Newton on GPU

by **JoeJ** » Sun Sep 28, 2014 3:46 pm

On i7-930 CPU by OpenCL the same last test (Edit 2) takes 750 ms, so GPU is a 100 x speed up.
My single threaded C++ code takes 4000 ms, dividing by 4 cores would be 1000 ms.
My C++ stuff is not cache friendly - bloated AOS struct with unused data.
And there are some differences in the algorithms, but for a coarse comparision it should suffice.
It seems i would not win much using OpenCL on CPU?
I'm surprised by that myself now, for CPU only interest using OpenCL seems not worth the trouble?

I see the single CPU at 6 gfloaps
I see the single AMP CPU at 88 gflops

Does this compare "standart C++ code" with the same code, just adding some macros on the same Hardware? That can't be true. "AMP CPU" means clustering multiple CPUs, yes?

by **Julio Jerez** » Sun Sep 28, 2014 5:05 pm

the cpu simple is just the code running on C++.

the second that say single AMP, is hard to know if it is C or GPU, because Visual studio express does not support AMP debug. I intalled a script tha is suppor to allow debugging , but all is does is that I can not see the GPU debug, but I can not set a break point on any of the kernels.
My guess Is that it is GPU. even when I select to be the default accelerator that is supposed to be CPU. I thin it is only CPU I fteh GPU present is not directX11 compliance.

It will be hard to code anything without a debugger.

The one thing is clear, AMP seem to be the easiest way to get GPU into a project.

by **JoeJ** » Sun Sep 28, 2014 5:25 pm

Ooops - ignore what i wrote above.

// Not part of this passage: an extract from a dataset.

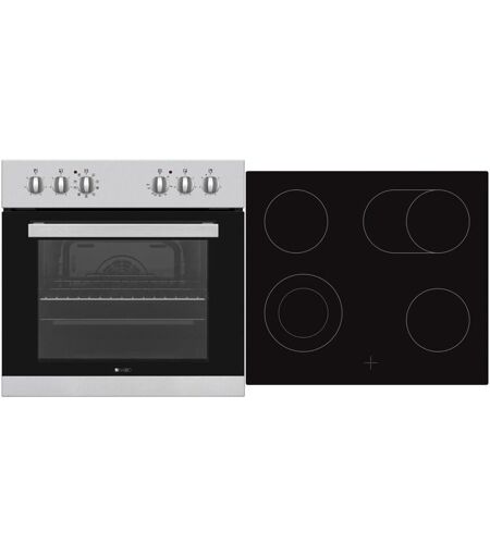Elektrischer AnschlußAngaben nach 2010/30/EU; Energieeffizienzklasse A; Spektrum [A+++ bis D]; Anschlusswert: 9 kW; Kombination Einbauherd+Glaskeramikfeld; Leistungseigensch. Backofen (allgemein)Backrohrvolumen: Large; 0,86 kWh Energieverbr. b. Ober-+Unterhitze; 0,78 kWh Energieverbr. b. Heißluft/Umluft; Bedienung4 Kochzonenregler; Drehregler für Kochzonen; Drehregler für Backofen-Funktionswahl; Drehregler für Backofen-Temperatur; Backofen-Kontrollleuchte; Backofen-Temp.-Kontrollleuchte; Backofen-Funktionen9 Betriebsarten; Ober-/Unterhitze; Heißluft/Umluft; Grill; Umluft-Grillen; Auftaustufe (nur Gebläse); Pizza-Stufe; Backofen-AusstattungInnenraum-Beleuchtung; 2 Stufen-Grill (variable Größe); Glatt-Email-Innenbeschichtung; Anzahl der Innenräume: 1; Innenraum-Volumen: 65 l; Zubehör1 Backblech(e); 1 Grillrost(e); Gehäuse-EigenschaftenBreite: 59,5 cm; Höhe: 59,5 cm; Tiefe: 57,5 cm; Gewicht: 51 kg; 2 Backofen-Türscheibe(n); Backofentür mit Sichtfenster; Unten-Anschlag der Tür; Ausstattung Glaskeramikfeld4 Kochzone(n); Restwärmeanzeige für jede Kochzone; Kochzone-vorne/außen linksZweikreis-Kochzone vorne links; Durchmesser der großen Kochzone: 18 cm; Heizleistung: 1700 W; Kochzone-hinten/innen linksDurchmesser der Kochzone: 14,5 cm; Heizleistung: 1200 W; Kochzone-hinten/innen rechtsBräter-Zweikreis-Kochzone hinten rechts; Durchmesser der kleinen Kochzone: 18 cm; Heizleistung: 1800 W; Kochzone-vorne/außen rechtsDurchmesser der Kochzone: 14,5 cm; Heizleistung: 1200 W; Einbau-EigenschaftenBreite, Kochfeld: 59 cm; Tiefe, Kochfeld: 52 cm; Höhe, Kochfeld: 4,1 cm; Breite, Ausschnitt: 56 cm; Tiefe, Ausschnitt: 49 cm; VerpackungsangabenBreite mit Verpackung: 65 cm; Höhe mit Verpackung: 79,5 cm; Tiefe mit Verpackung: 64 cm; Gewicht mit Verpackung: 53 kg; Farbenedelstahl; ...
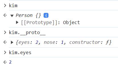kim 객체가 eyes를 직접 가지고 있지 않으므로 eyes를 찾을 때까지 상위 프로토타입을 탐색한다. 만약 최상위 프로토타입인 Object Prototype Object까지 탐색했는데도 속성이 없는 경우 undefined를 리턴한다.

I forgot to switch to release mode.
The multithreaded OpenCL time is 675 ms.
My single threaded C++ is 526 ms.
That means i beat OpenCL even using only one Core. :roll:

I guess it's because of synchronizing: Barrier until all 128 or 256 cores are done means a lot of unnecessary data swapping for only 8 virtual cores.
Unfortunately i can not reduce the workgroup size, so my project is worthless for CPU tests.

What things do you want to accelerate?

by **Julio Jerez** » Sun Sep 28, 2014 6:03 pm

JoeJ wrote:I guess it's because of synchronizing: Barrier until all 128 or 256 cores are done means a lot of unnecessary data swapping for only 8 virtual cores.
Unfortunately i can not reduce the workgroup size, so my project is worthless for CPU tests.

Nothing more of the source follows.